What is needed: The whole listing is to be written out again exactly; the pictures are not.

Dataset excerpt:
^^^^
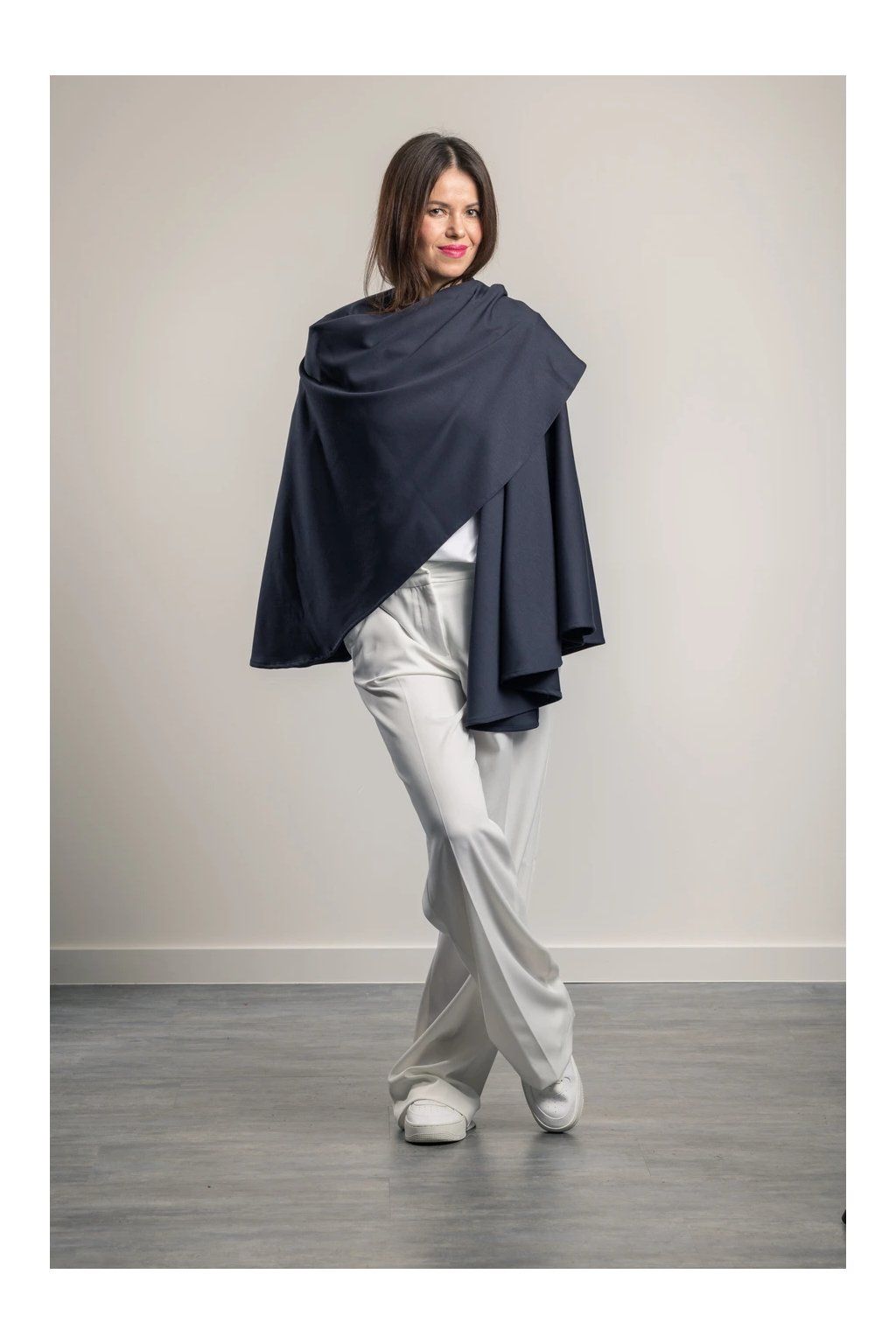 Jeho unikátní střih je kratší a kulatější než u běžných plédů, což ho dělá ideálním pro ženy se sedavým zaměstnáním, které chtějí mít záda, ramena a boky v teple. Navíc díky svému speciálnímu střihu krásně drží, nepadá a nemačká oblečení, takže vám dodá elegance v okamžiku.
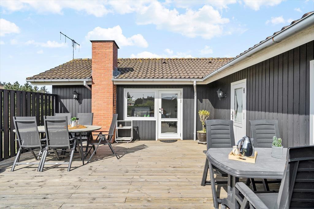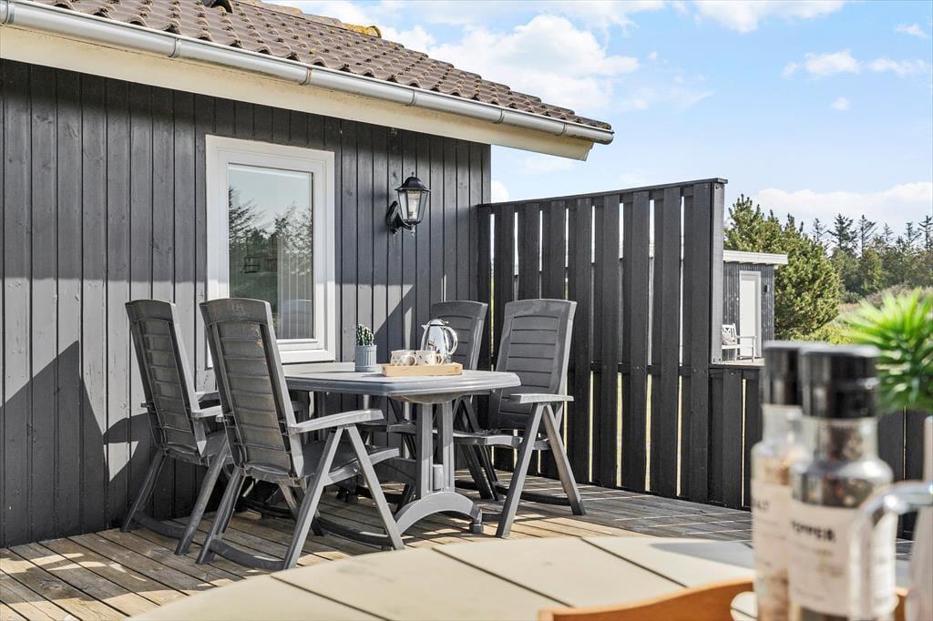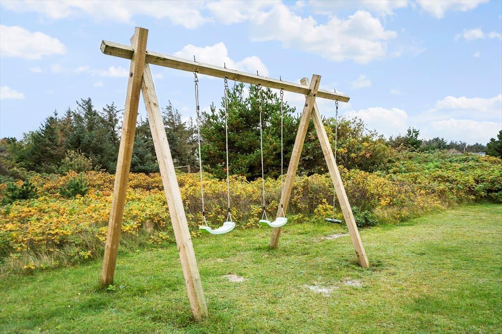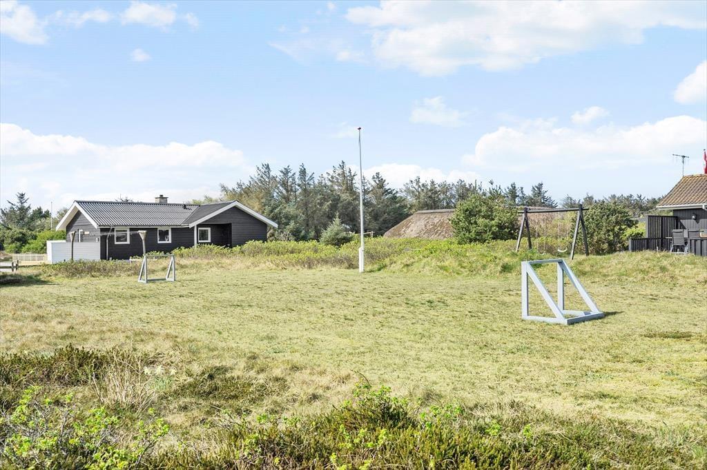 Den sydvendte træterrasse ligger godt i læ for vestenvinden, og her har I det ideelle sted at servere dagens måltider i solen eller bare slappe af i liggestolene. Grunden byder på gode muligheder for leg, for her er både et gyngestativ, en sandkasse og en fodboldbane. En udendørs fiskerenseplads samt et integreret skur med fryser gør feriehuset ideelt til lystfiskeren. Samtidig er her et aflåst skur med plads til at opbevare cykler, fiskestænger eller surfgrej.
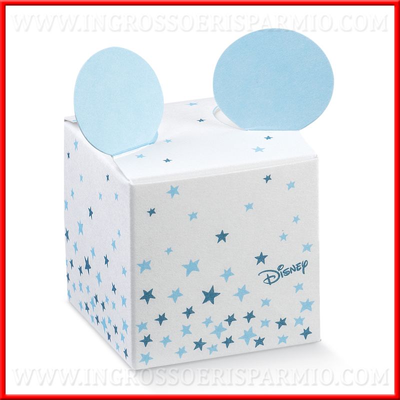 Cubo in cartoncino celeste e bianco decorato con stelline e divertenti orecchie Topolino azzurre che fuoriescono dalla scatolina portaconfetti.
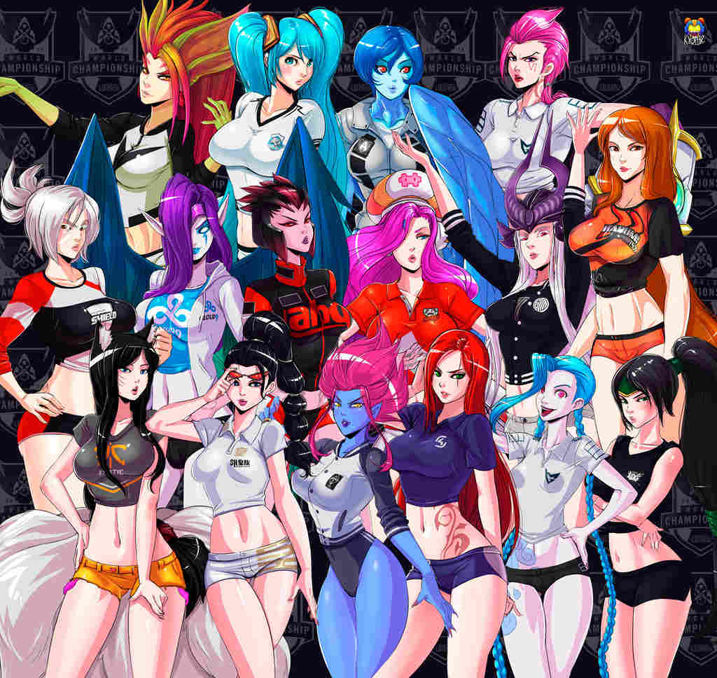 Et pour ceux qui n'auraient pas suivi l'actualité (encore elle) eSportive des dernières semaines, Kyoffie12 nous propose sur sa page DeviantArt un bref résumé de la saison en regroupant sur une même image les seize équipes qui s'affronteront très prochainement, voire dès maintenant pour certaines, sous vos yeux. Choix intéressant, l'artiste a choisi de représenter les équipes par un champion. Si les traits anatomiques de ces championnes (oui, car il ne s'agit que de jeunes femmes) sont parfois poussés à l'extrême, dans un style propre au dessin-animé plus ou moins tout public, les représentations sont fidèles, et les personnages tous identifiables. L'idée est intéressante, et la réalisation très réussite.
^^^^
Your solution:
 Jeho unikátní střih je kratší a kulatější než u běžných plédů, což ho dělá ideálním pro ženy se sedavým zaměstnáním, které chtějí mít záda, ramena a boky v teple. Navíc díky svému speciálnímu střihu krásně drží, nepadá a nemačká oblečení, takže vám dodá elegance v okamžiku.
 Den sydvendte træterrasse ligger godt i læ for vestenvinden, og her har I det ideelle sted at servere dagens måltider i solen eller bare slappe af i liggestolene. Grunden byder på gode muligheder for leg, for her er både et gyngestativ, en sandkasse og en fodboldbane. En udendørs fiskerenseplads samt et integreret skur med fryser gør feriehuset ideelt til lystfiskeren. Samtidig er her et aflåst skur med plads til at opbevare cykler, fiskestænger eller surfgrej.
 Cubo in cartoncino celeste e bianco decorato con stelline e divertenti orecchie Topolino azzurre che fuoriescono dalla scatolina portaconfetti.
 Et pour ceux qui n'auraient pas suivi l'actualité (encore elle) eSportive des dernières semaines, Kyoffie12 nous propose sur sa page DeviantArt un bref résumé de la saison en regroupant sur une même image les seize équipes qui s'affronteront très prochainement, voire dès maintenant pour certaines, sous vos yeux. Choix intéressant, l'artiste a choisi de représenter les équipes par un champion. Si les traits anatomiques de ces championnes (oui, car il ne s'agit que de jeunes femmes) sont parfois poussés à l'extrême, dans un style propre au dessin-animé plus ou moins tout public, les représentations sont fidèles, et les personnages tous identifiables. L'idée est intéressante, et la réalisation très réussite.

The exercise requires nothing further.